Hola que tal.. amigo Cacho quisiera saber si me puedes hacer el favor. hechandome una manito con el pcb de este power eliott de 300w modifiado con los tr de proteccion para sobnrecorriente.. gracias de antemano


----------



## Cacho (Mar 25, 2011)

De ninguna manera: https://www.forosdeelectronica.com/f34/pcbs-rod-elliott-publicarlos-23721/
A ejercitar la neurona en el diseño, que estos no se deben difundir.

Saludos


----------



## clother (Mar 25, 2011)

tienes Razon cacho.. derechos rrservados.. pense que al ser otro pcb que no fuese de la pagina no afectaria asi que perdon


----------



## Cacho (Mar 25, 2011)

No hay problema y dale para adelante con el diseño, que no es muy complejo que digamos.

Saludos


----------



## clother (Mar 25, 2011)

Cacho dijo:


> No hay problema y dale para adelante con el diseño, que no es muy complejo que digamos.
> 
> Saludos



gracias por la motivacion hermano Cacho.. lo hare con el pcb wizard y luego les comento como me fue.


----------



## Edu-D (Mar 25, 2011)

Saludos en mi caso yo he hecho este circuito y no he tenido problemas en lo que es la salida como otros amplificadores que cuando se averian vota voltaje DC y quema los parlantes... Recuerdo una vez que estaba hecho el oscioso no se que hize pero lo tenia sin el mueble y se me quemo una resistencia del circuito R23 que es de 10 ohmios que enmudece el amplificador...

Saludos


----------



## clother (Mar 25, 2011)

EDHB dijo:


> Saludos en mi caso yo he hecho este circuito y no he tenido problemas en lo que es la salida como otros amplificadores que cuando se averian vota voltaje DC y quema los parlantes... Recuerdo una vez que estaba hecho el oscioso no se que hize pero lo tenia sin el mueble y se me quemo una resistencia del circuito R23 que es de 10 ohmios que enmudece el amplificador...
> 
> Saludos


mmm es similar al peavey series 260c que se quema esa resistencia de la red de zobel me imagino ue trates de decir R22. nada mas que el peavey la resitencia es de 22 ohms


----------



## Edu-D (Mar 25, 2011)

Mmm R23 es la que se me quemo de 10 ohmios a 1/2 vatio y no se porque... R22 Es la que esta en la salida del amplificador en serie con un condensador en mi caso esa no...

Saludos


----------



## clother (Mar 25, 2011)

EDHB dijo:


> Mmm R23 es la que se me quemo de 10 ohmios a 1/2 vatio y no se porque... R22 Es la que esta en la salida del amplificador en serie con un condensador en mi caso esa no...
> 
> Saludos



hooo si tenes razon no me habia percado de esa resistencia serca de la entrada de audio


----------



## flashmax (Mar 27, 2011)

quercus10 dijo:


> Hola a todos.
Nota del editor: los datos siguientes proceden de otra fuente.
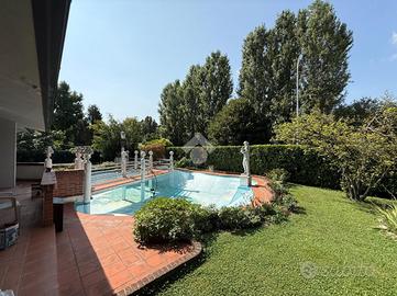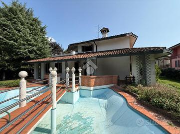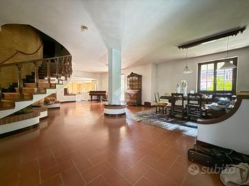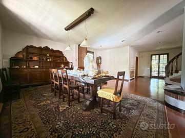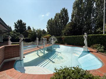 PANDINO: UNICA NEL SUO GENERE! Proponiamo in vendita una villa singola signorile di oltre 500mq! Perfetta per chi cerca spazio e comfort. La proprietà si sviluppa su due livelli e, costruita nel 1975, mantiene il fascino dell'epoca, con dettagli architettonici che ne esaltano la struttura. Gli interni hanno ambienti ben distribuiti, ideali per accogliere una famiglia numerosa o per chi desidera ampi spazi per il lavoro e il tempo libero. La disposizione permette di organizzare gli ambienti in modo funzionale, garantendo privacy e comodità. Al piano terra troviamo un doppio soggiorno di 124mq ed una sala da pranzo di 60mq oltre alla cucina abitabile di 26mq ed al bagno di servizio; al piano superiore ci sono 4 camere da letto ognuna servita dal proprio bagno, oltre ad un altro servizio ad uso comune. Mansarda open space di 90mq. La proprietà è completa di due terrazzi, cantina di 36mq, depandance di 45mq, ricovero per auto esterno coperto di 60mq, portici e pisicna interrata. La villa è circondata da un giardino di 850mq che offre un angolo di tranquillità e relax ed è dotata di aria condizionata e videocitofono. Situata in una zona residenziale, la proprietà è ben collegata ai principali servizi del comune, rendendola una scelta pratica e versatile.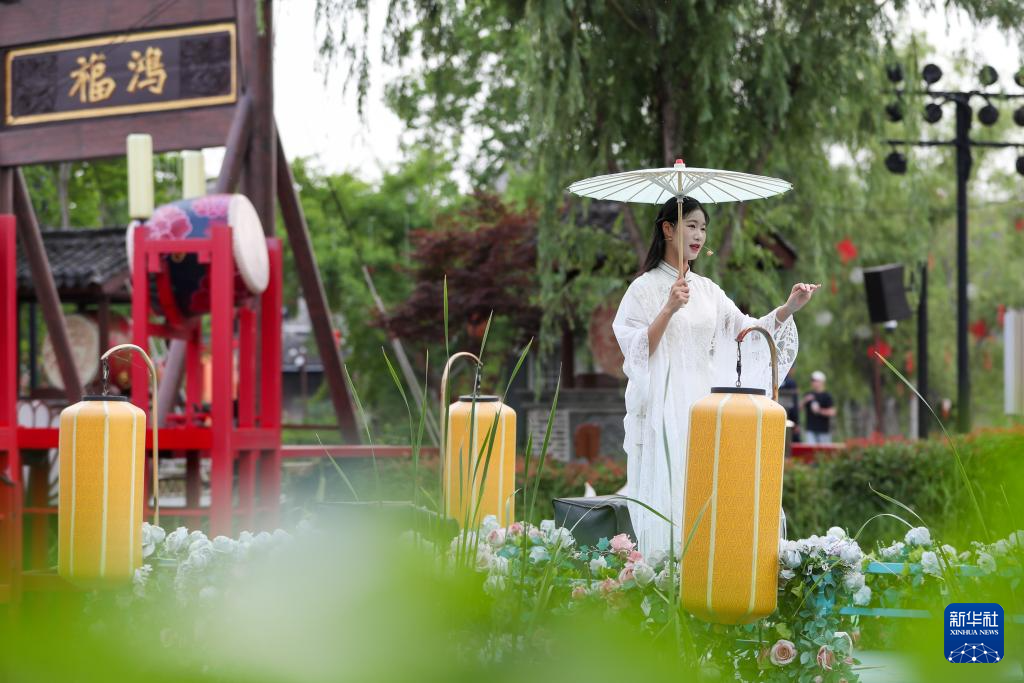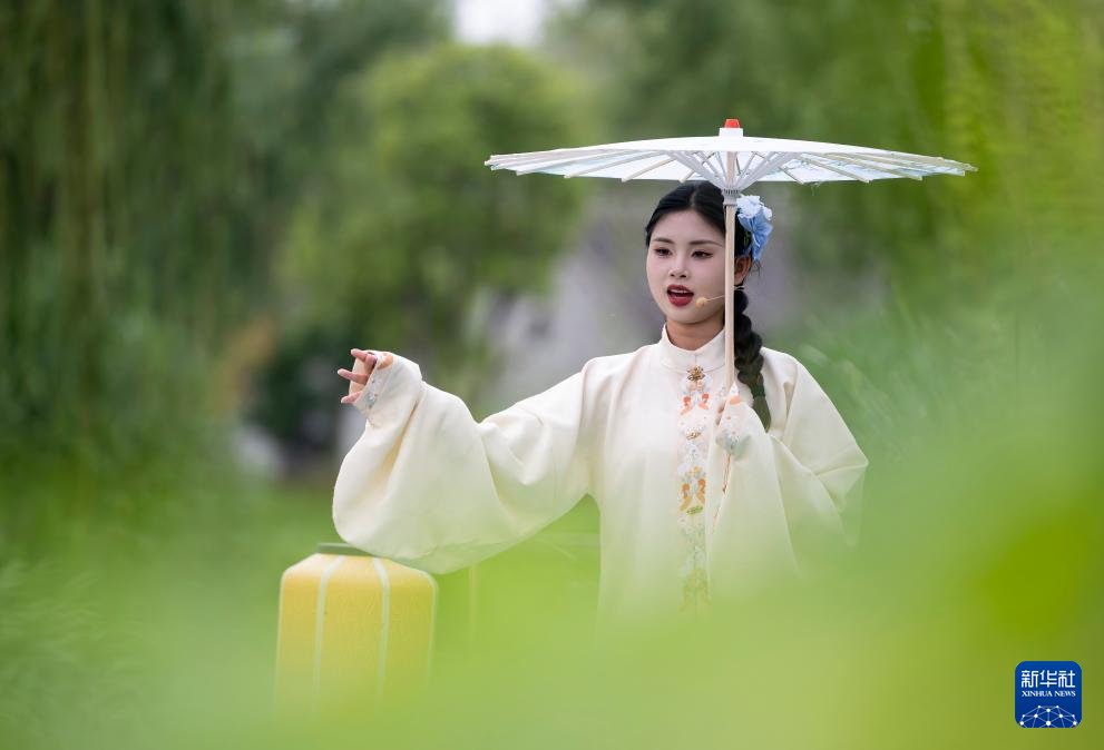6月7日,演員龔欣冉在淮劇小鎮一處小舞臺唱淮歌版《青花瓷》?;磩⌒℃偯刻於加邪儆嗝輪T分布在大戲院和小舞臺,為觀眾獻上精彩演出。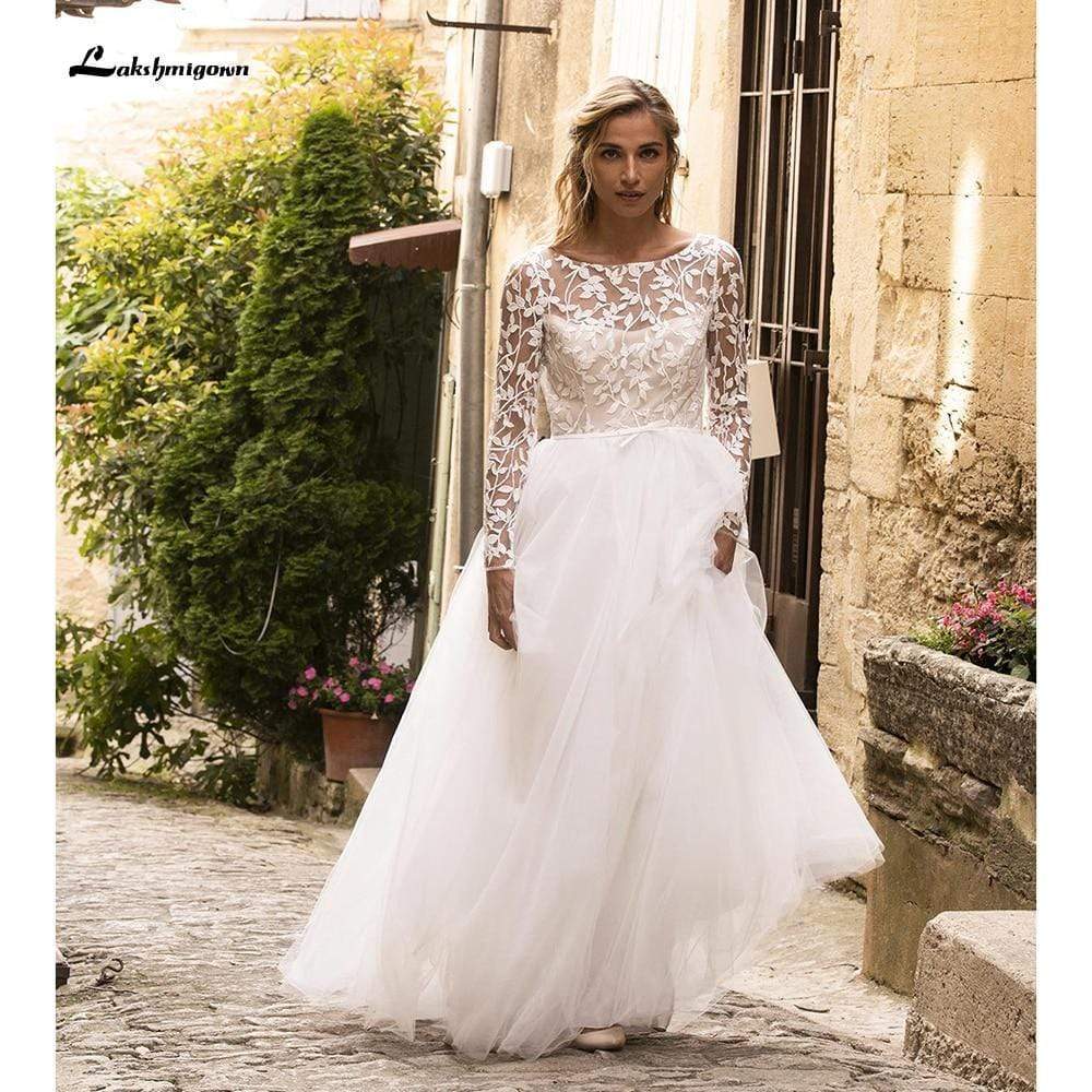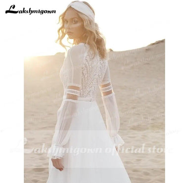 Roycebridal Long Sleeve Lace Chiffon Boho A Line Wedding Dresses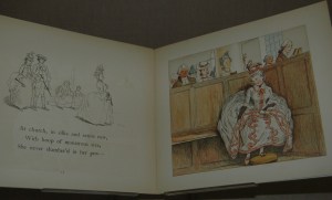 painfully sexist, Caldecott’s An Elegy on the Glory of Her Sex, Mrs. Mary Blaize is a sarcastic and witty treatment of a hypocritical upper-class woman. Caldecott began his artistic career with newspapers, illustrating satirical cartoons of politicians. His picture books (which he both wrote and illustrated) show the obvious residue of his earlier career. Would today’s child be the intended recipient for the somewhat subtle humor of “At church in silks and satins new, With hoop of monstrous size, She never slumber’d in her pew– But when she shut her eyes”? I’m not talking about the sophistication of an older form of speech. Crane has a childish book about fairies that goes “The sullen Winter nearly spent, Queen Flora to her garden went, To call the flowers from their long sleep, The year’s glad festival to keep.” Formal, but simply the tone of the time. Rather, I’m talking about an obvious content appeal for adults.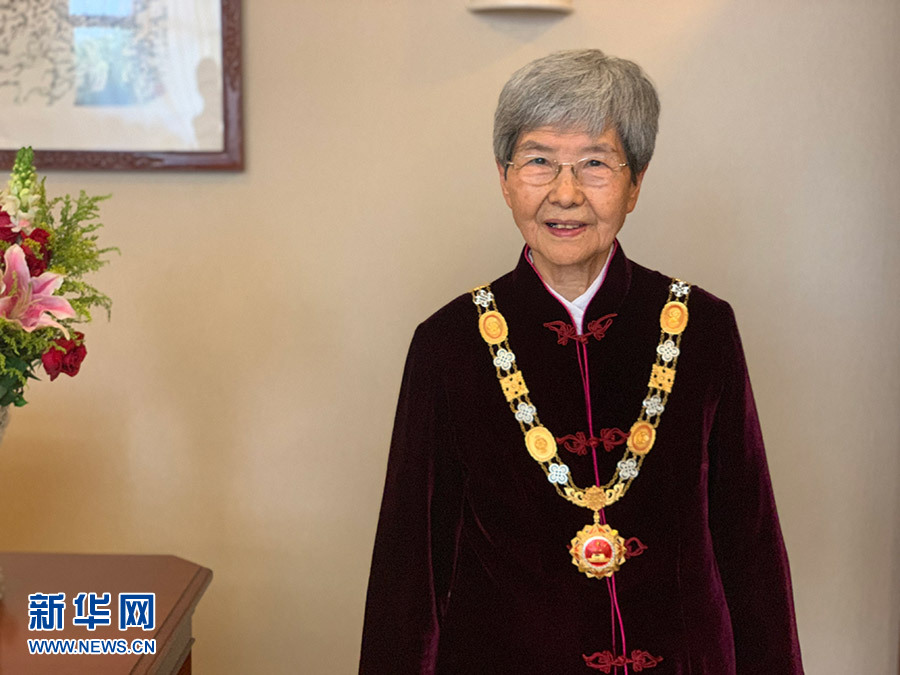 佩戴國(guó)家榮譽(yù)稱(chēng)號(hào)獎(jiǎng)?wù)碌姆\詩(shī)(9月29日攝)。新華社發(fā)(敦煌研究院供圖)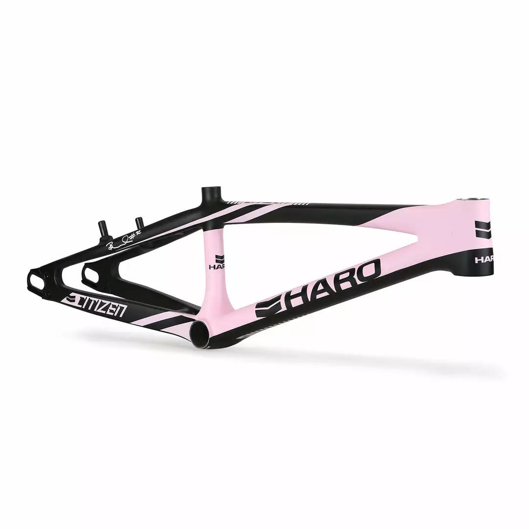 The Haro Citizen Carbon BMX Frame-Pink has the perfect color to standout on the track. Be rad and pretty in pink. Haro’s reputation is always backed by BMX’ers. The frame is made up of an 86.5mm wide shell allowing the down-tube and chain-stays to spread to the outer width of the shell and create undoubtedly the stiffest, most responsive bottom bracket concept to hit the BMX market. The head-tube of the Citizen is a tapered 1-1/8″ – 1.5″ design which stiffens up the front end of the bike for maximum steering response. The rear dropouts of the Citizen are a removable CNC machined alloy design compatible with 10mm, 15mm and 20mm rear axles with the included hardware and adapters.

Quisiera pedir ayuda en el montaje del amplificador de 300w de Elliott .En  el montage del pcb  no tengo problema, he hecho varios inclusive  el de 60w  de Elliot  y perfecto. Pero en este mi problema esta en saber que resistencias aparte de las de potencia, las que alimentan los drivers de 220 oH (R13 R14), puede que las  que están en serie con los diodos  (R10 R11), la de salida R22 y quiza la R23, no se si hay alguna mas que habría que ponerla de mas de ¼ w, y si aconsejan algún cambio mas.
> Por el tema de lo que pide  Elliott de que no se publiquen sus pcb’s, y en el diagrama no informa de eso, no se si la pregunta es adecuada, si es asi pido disculpas y gracias de todos modos.


hola estuve leyendo este post y me parece interesante este ampli podrias subir la pcb print...saludos!!


----------



## Dr. Zoidberg (Mar 27, 2011)

pablogross dijo:


> hola estuve leyendo este post y me parece interesante este ampli podrias subir la pcb print...saludos!!



No pidas lo que no se puede publicar. Leé este tema y entendé de que se trata: https://www.forosdeelectronica.com/f34/pcbs-rod-elliott-publicarlos-23721/
Si querés el PCB, hacé el tuyo y usalo, pero en el foro no podemos intercambiar los PCB de ESP.


----------



## flashmax (Mar 27, 2011)

ezavalla dijo:


> No pidas lo que no se puede publicar. Leé este tema y entendé de que se trata: https://www.forosdeelectronica.com/f34/pcbs-rod-elliott-publicarlos-23721/
> Si querés el PCB, hacé el tuyo y usalo, pero en el foro no podemos intercambiar los PCB de ESP.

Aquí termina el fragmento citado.